Everything from the line with "신혼부부가 구미에서 미래를" to the line with "2.0866.0.b-558 Вес 5,74 г" in the listing below, both lines included, needs to be copied exactly, apart from the pictures.

Records for processing ▸
◆ ◆ ◆ ◆ ◆

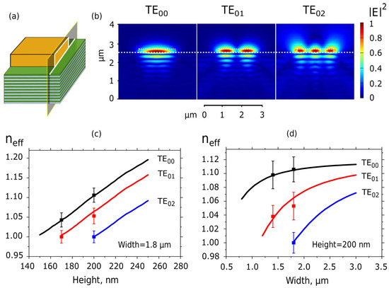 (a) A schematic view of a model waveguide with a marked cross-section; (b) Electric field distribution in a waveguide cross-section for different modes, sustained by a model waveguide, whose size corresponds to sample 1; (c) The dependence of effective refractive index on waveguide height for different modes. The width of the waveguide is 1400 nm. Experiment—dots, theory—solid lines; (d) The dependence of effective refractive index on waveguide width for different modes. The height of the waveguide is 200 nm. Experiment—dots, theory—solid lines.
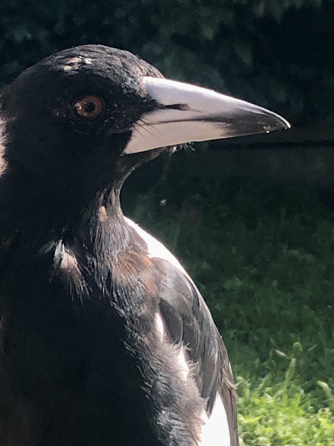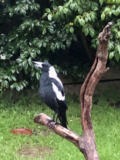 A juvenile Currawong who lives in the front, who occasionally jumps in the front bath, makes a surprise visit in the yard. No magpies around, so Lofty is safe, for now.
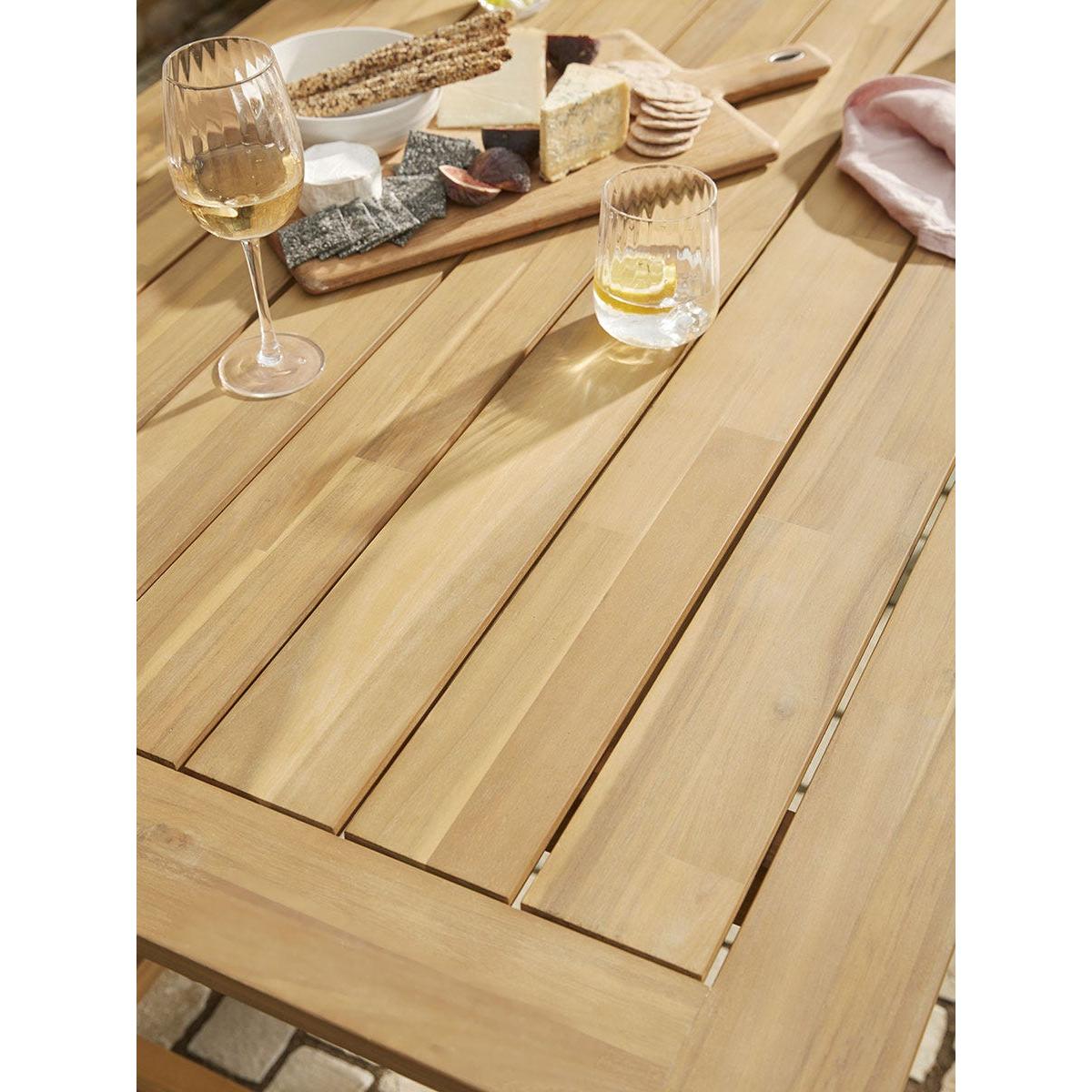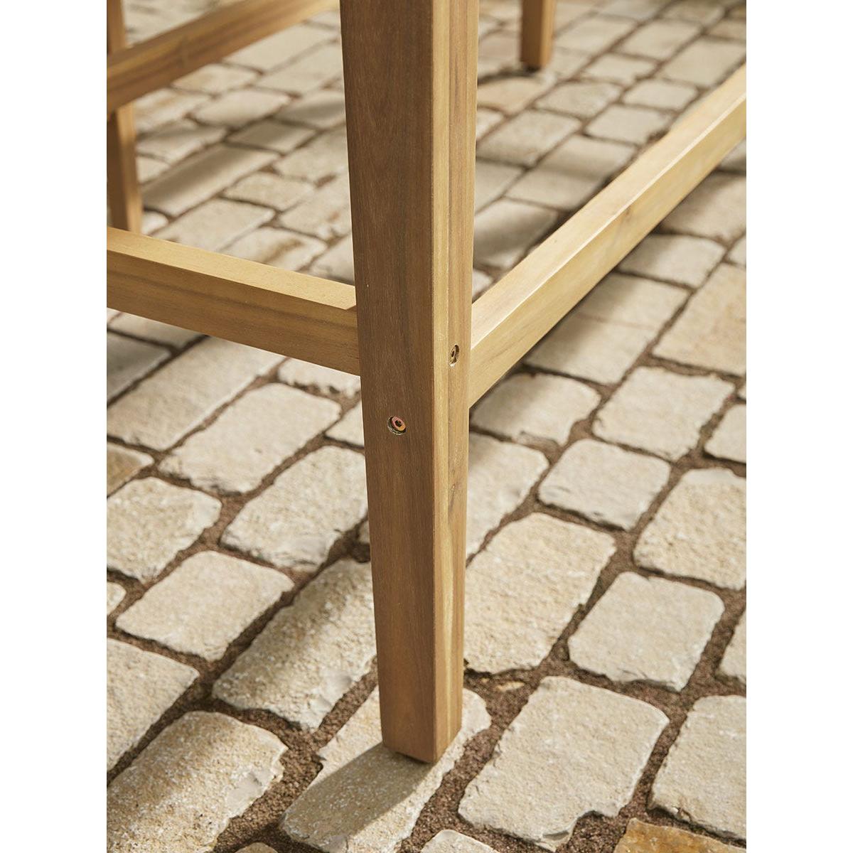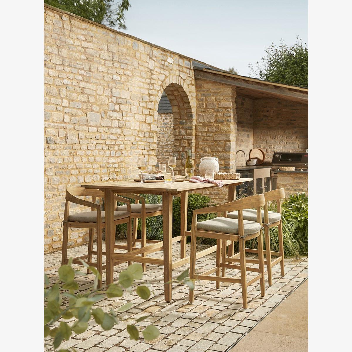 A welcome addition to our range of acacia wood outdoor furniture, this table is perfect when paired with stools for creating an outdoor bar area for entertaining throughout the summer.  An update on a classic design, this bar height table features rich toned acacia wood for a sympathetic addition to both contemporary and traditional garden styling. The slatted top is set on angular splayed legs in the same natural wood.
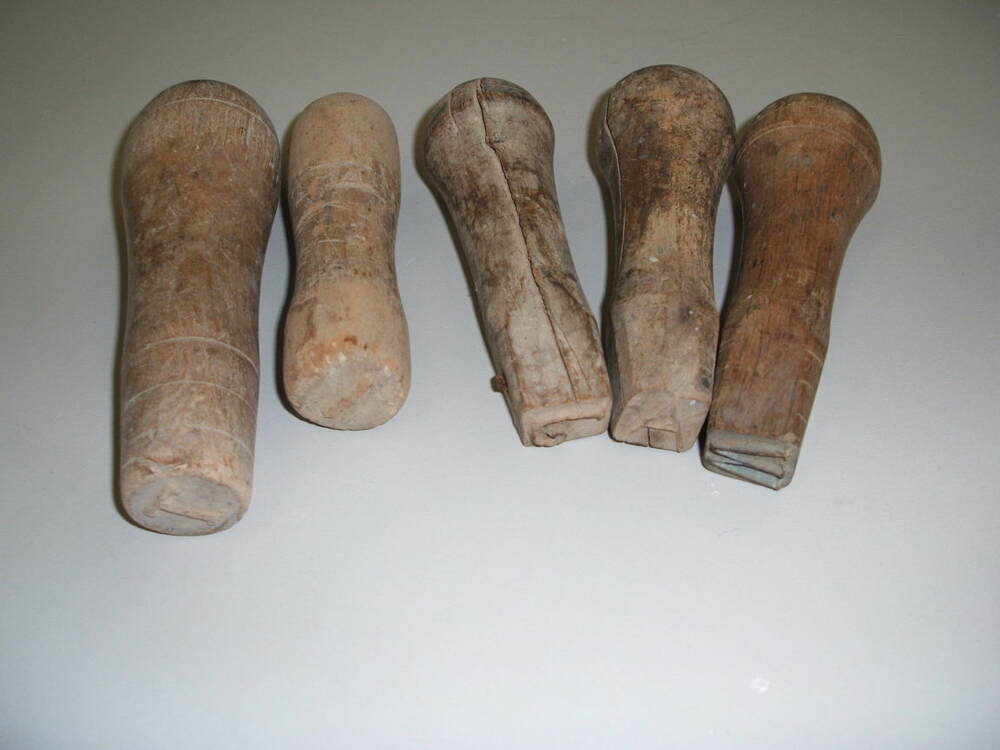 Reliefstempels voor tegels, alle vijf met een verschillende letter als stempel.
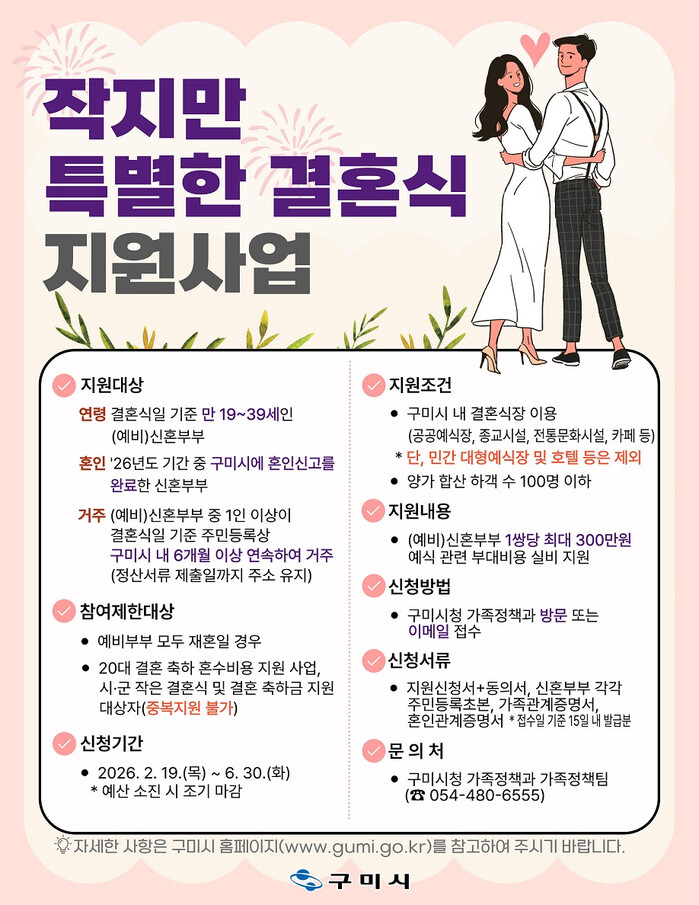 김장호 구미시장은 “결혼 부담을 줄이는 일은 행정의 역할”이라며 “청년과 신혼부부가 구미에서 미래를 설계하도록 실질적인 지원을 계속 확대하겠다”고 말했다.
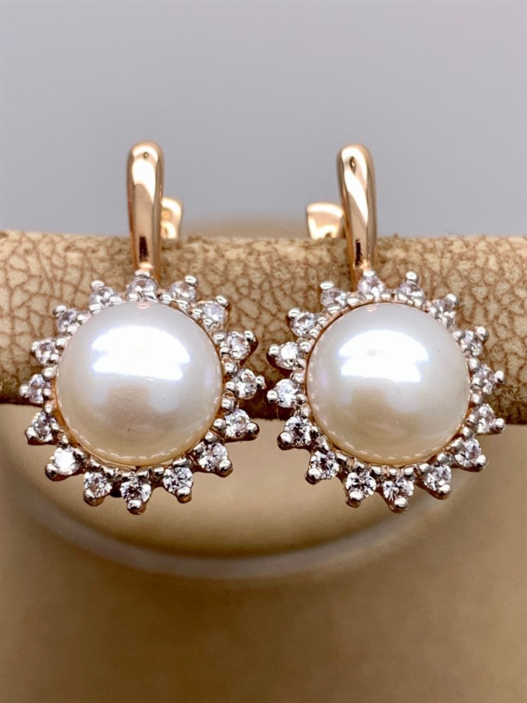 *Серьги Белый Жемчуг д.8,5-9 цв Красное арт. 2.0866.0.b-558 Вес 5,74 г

◆ ◆ ◆ ◆ ◆

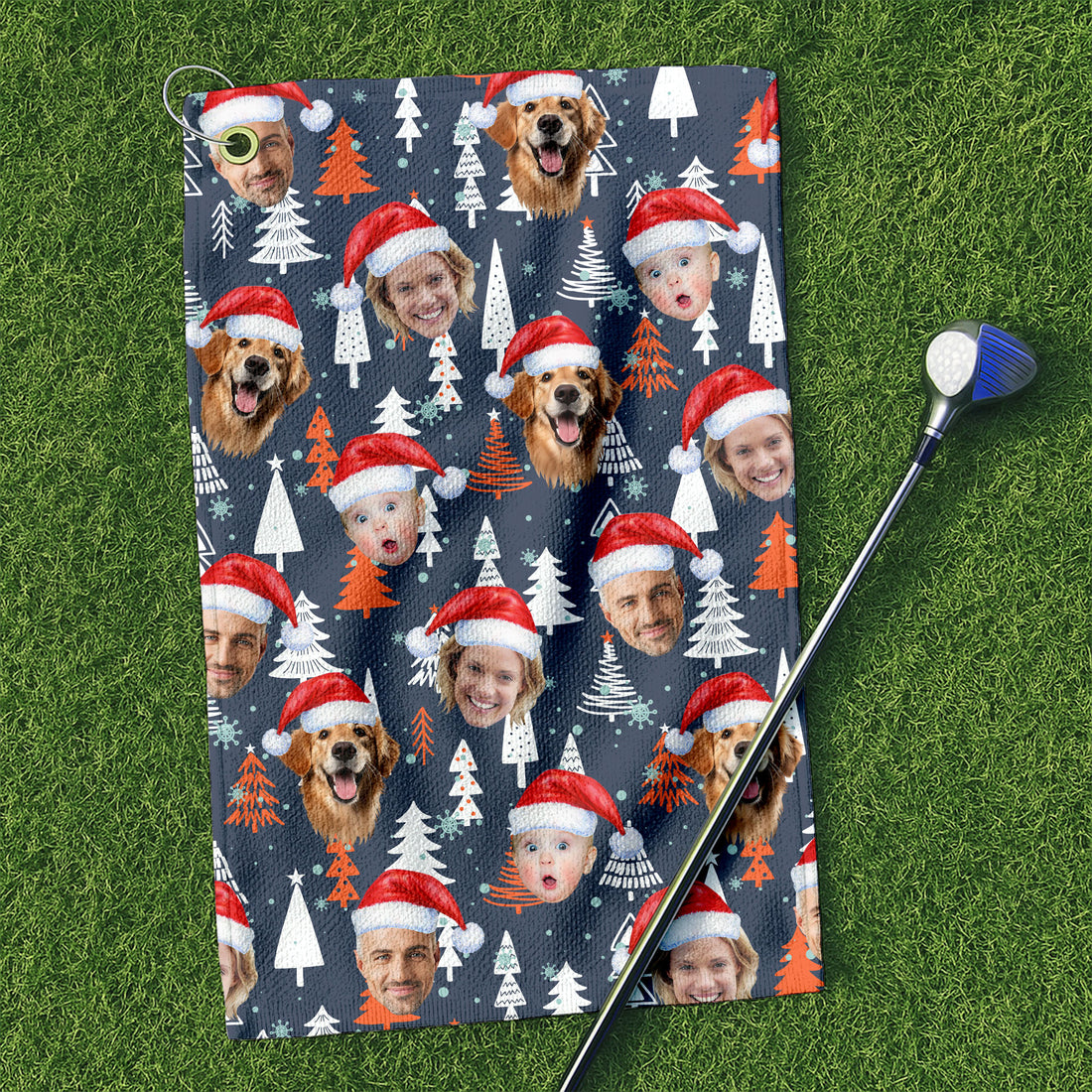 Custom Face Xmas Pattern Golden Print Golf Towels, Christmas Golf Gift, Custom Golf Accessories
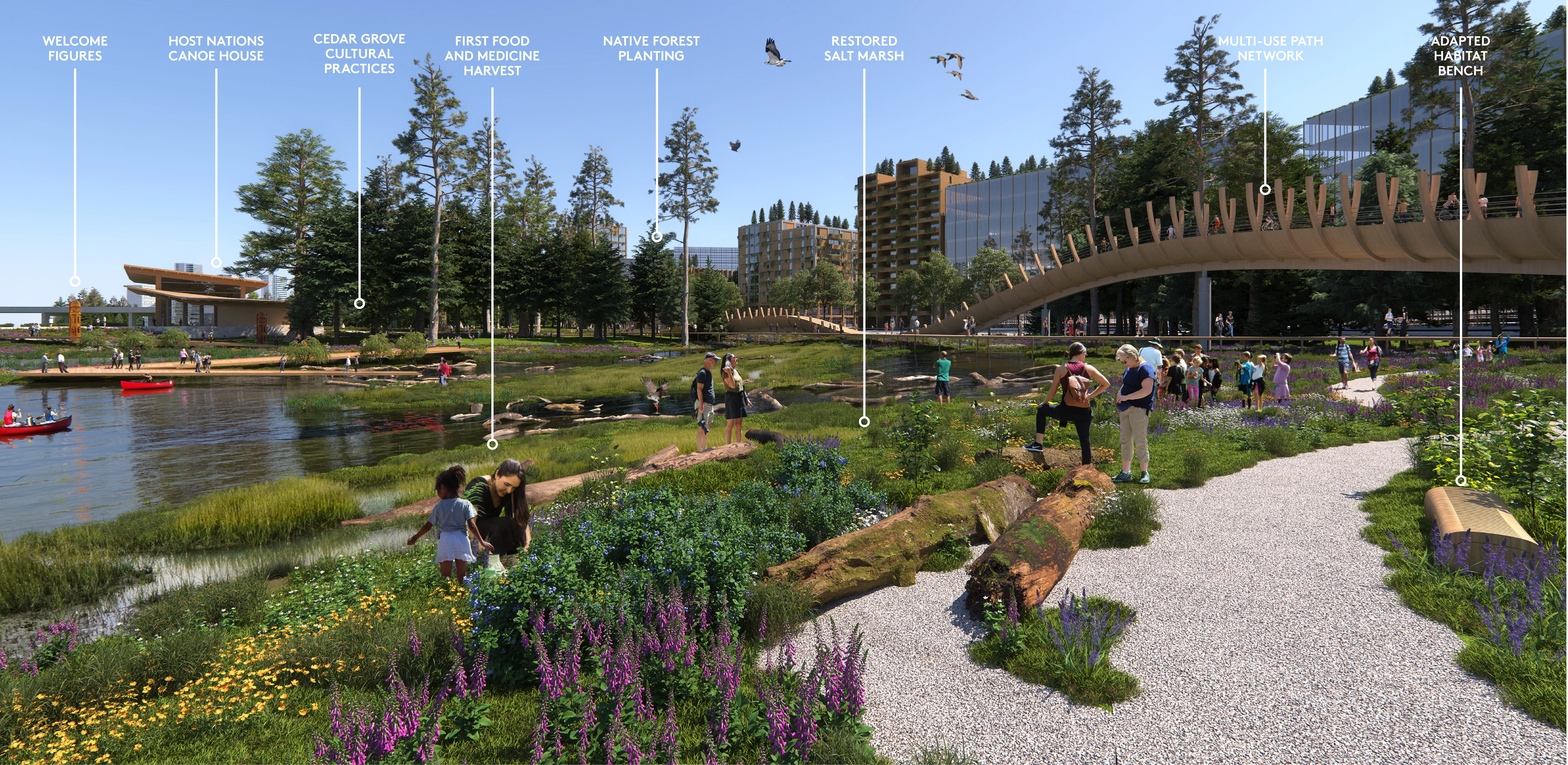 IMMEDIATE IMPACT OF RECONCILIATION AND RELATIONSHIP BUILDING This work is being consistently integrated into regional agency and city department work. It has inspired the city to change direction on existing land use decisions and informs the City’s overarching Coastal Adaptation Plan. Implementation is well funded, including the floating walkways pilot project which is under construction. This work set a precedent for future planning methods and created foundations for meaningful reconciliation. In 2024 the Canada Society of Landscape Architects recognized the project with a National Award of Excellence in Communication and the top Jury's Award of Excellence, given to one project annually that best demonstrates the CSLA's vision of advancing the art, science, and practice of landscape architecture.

◆ ◆ ◆ ◆ ◆

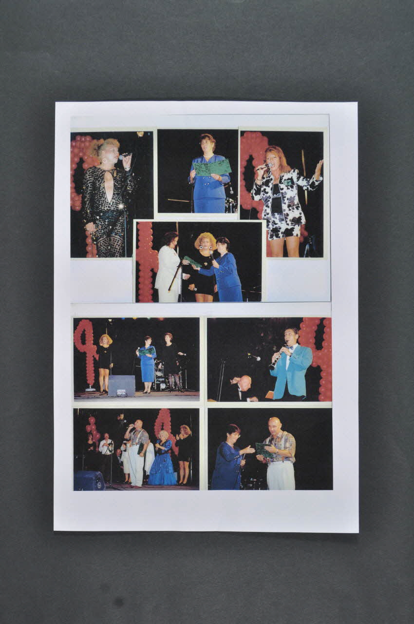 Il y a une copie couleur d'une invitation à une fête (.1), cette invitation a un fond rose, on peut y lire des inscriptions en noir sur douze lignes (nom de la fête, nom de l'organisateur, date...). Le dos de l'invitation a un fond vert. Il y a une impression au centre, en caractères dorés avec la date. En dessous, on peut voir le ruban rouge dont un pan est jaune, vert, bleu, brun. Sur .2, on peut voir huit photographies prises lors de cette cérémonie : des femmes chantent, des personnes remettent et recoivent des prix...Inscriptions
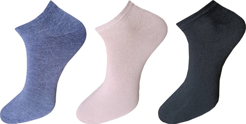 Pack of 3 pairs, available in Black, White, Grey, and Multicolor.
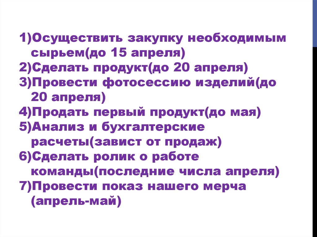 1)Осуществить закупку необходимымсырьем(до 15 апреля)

◆ ◆ ◆ ◆ ◆

Output ▸
 김장호 구미시장은 “결혼 부담을 줄이는 일은 행정의 역할”이라며 “청년과 신혼부부가 구미에서 미래를 설계하도록 실질적인 지원을 계속 확대하겠다”고 말했다.
 *Серьги Белый Жемчуг д.8,5-9 цв Красное арт. 2.0866.0.b-558 Вес 5,74 г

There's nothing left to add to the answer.